I first heard of 3-MMC in one of the Telegram groups that drive Berlin’s blackmarket drug economy. Sidenote, these groups are…hilarious. Hosted by various delivery services, they feature elaborate menus of drugs branded by country-of-origin (Bolivian coke, Indian ketamine, Cali weed…), divided into subcategories like “Pharma” vs “Nature,” and ornamented with random flashing GIFs. According to protocol, you’re supposed to privately DM the account to place orders, but clueless customers constantly spam the chat asking for specific substances—inadvertently revealing, in an ad hoc fashion, what drugs are in vogue. This is how I noticed something called “3-MMC” is in high demand. 

Berlin’s dancefloors are like putrid petri dishes where experimental drugs get tested for mass market adoption, and 3-MMC was everywhere this summer: DJs squatted under the booth to rail lines of the rocky white powder during their sets (lol classic move), KitKat club chemsex fiends debated if it would be good for their erections, and at an extremely fashion afterparty for Michelle Lamy and Arca one night, the Balenci-gays scuttled outside to pick up “some 3-MMC and cocaine, dahling.” 

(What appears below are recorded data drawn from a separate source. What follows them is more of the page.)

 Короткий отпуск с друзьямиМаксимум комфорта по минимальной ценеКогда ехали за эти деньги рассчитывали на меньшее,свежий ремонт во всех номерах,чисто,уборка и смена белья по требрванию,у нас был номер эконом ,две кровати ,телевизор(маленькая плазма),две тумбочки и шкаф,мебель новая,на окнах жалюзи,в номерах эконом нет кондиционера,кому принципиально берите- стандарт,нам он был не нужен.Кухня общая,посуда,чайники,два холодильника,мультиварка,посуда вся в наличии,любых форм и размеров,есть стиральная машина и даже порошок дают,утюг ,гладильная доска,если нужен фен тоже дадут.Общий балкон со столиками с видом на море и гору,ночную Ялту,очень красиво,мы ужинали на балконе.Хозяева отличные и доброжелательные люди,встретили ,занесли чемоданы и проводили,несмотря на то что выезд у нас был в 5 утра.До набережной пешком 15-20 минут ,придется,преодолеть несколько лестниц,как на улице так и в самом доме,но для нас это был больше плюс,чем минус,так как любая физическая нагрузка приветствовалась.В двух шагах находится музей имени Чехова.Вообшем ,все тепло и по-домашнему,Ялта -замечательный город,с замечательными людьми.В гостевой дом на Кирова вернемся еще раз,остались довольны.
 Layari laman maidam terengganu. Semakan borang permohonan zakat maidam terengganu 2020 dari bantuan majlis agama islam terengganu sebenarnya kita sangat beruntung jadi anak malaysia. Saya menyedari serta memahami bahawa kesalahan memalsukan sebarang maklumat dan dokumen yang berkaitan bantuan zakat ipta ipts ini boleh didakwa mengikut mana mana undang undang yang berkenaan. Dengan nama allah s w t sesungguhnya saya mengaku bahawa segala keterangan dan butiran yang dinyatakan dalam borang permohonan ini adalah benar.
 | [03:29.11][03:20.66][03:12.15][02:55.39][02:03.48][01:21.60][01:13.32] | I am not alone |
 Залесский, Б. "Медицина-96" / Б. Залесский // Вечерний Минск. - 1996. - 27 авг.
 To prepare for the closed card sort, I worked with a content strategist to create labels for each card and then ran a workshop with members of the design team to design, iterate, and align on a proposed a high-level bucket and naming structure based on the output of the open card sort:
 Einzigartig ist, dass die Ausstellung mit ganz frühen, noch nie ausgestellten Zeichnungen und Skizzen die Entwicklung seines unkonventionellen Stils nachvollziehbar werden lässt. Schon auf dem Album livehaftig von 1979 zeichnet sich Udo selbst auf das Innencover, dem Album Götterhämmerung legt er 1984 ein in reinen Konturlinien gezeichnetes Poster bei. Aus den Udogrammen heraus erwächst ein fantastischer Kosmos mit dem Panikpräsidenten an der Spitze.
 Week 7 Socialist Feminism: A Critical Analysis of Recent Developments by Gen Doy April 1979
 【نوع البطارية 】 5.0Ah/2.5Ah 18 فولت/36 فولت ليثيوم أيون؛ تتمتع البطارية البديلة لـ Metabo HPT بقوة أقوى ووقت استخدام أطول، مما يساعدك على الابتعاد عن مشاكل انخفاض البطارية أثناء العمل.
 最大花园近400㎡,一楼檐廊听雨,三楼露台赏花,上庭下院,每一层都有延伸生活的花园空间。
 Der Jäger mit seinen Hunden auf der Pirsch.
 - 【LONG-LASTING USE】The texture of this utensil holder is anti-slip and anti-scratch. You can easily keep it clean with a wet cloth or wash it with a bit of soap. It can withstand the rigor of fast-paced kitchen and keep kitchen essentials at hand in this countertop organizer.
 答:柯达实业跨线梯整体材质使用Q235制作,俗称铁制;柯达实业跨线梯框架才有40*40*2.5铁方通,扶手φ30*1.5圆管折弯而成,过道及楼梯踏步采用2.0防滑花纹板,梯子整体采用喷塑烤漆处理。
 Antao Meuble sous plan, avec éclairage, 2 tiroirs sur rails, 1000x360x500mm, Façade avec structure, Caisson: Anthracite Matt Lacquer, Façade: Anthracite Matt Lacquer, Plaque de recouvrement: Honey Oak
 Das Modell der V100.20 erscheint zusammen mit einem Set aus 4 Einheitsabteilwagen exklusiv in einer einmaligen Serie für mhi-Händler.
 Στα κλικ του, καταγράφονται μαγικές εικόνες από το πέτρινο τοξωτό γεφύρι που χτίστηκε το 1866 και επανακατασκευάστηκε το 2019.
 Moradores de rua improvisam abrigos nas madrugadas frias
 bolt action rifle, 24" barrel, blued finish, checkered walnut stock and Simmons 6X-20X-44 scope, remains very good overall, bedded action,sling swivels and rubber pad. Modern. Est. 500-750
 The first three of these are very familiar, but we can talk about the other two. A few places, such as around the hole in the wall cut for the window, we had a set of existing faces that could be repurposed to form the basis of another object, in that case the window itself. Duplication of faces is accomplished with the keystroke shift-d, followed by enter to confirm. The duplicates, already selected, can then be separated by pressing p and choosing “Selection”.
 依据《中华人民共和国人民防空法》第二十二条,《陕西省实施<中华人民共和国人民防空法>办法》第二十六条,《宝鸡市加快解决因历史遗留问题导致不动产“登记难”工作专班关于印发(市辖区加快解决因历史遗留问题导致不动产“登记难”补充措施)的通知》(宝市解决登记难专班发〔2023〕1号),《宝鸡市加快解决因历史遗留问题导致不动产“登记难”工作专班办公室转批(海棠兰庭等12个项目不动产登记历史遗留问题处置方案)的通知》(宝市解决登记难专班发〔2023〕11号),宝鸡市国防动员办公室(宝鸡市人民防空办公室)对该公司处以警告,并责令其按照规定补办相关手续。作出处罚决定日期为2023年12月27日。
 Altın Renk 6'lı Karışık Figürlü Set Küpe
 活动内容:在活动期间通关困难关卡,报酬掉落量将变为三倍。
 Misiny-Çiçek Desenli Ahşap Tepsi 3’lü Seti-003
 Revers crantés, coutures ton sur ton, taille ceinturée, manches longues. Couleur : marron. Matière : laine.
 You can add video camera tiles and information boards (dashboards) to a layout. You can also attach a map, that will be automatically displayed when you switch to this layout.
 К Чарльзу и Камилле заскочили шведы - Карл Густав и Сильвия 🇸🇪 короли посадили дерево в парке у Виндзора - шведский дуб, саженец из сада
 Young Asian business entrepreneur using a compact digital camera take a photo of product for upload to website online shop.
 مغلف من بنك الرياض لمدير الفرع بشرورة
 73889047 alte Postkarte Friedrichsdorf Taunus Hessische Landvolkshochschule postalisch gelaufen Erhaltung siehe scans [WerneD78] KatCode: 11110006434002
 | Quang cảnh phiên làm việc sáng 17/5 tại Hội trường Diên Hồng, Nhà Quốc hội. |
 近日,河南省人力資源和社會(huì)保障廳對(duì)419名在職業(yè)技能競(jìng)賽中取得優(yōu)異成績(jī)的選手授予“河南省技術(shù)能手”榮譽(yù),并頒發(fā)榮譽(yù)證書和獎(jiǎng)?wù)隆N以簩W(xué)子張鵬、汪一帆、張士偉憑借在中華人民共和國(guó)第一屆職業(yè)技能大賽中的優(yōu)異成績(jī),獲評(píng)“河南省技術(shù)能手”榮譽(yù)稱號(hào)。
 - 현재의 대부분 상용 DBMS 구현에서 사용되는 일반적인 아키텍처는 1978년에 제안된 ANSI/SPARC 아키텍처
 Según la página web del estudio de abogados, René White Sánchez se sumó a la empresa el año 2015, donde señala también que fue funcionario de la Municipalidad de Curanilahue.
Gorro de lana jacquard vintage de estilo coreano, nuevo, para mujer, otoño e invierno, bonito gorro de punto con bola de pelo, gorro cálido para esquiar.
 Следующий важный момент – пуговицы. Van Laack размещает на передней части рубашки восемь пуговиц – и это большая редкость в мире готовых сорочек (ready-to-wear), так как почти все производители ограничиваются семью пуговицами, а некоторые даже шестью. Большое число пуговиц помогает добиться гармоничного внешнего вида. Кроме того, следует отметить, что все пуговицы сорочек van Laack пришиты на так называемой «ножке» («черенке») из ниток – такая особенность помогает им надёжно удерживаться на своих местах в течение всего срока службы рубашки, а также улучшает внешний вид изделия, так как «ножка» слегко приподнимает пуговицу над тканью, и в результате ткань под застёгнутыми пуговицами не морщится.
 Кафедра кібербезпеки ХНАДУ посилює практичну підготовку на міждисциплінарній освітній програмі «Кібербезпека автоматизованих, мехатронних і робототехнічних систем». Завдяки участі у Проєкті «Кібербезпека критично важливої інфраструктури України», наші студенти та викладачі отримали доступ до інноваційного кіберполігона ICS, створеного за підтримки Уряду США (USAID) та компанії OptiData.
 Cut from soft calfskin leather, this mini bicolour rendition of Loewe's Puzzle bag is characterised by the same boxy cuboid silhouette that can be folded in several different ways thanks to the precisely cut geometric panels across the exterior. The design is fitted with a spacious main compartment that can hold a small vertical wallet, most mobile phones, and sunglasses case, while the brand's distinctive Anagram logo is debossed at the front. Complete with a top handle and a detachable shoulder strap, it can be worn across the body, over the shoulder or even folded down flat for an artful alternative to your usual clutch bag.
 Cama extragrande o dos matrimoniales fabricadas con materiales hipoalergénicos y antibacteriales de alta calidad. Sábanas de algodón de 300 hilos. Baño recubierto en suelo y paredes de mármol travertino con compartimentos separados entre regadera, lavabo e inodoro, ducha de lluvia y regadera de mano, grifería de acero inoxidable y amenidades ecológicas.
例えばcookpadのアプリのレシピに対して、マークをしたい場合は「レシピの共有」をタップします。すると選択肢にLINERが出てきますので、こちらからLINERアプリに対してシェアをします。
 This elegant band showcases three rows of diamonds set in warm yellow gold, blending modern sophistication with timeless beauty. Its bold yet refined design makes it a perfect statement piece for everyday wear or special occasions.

So wtf is 3-MMC, and why is it trending? 

To understand the rise of 3-MMC, we must first unravel a long chain of events in the drug market that precipitated its popularity. More than just another synthetic substance that sounds like Grimes’ baby, 3-MMC encapsulates how the party drug landscape of the 2000s has been evolving in response to factors like: the development of online distribution networks, industrialization of designer drugs, War on Drugs Synthetic Analogues, and fears of fentanyl contamination. In other words, this “weird new drug” is a sign of our fucked-up times.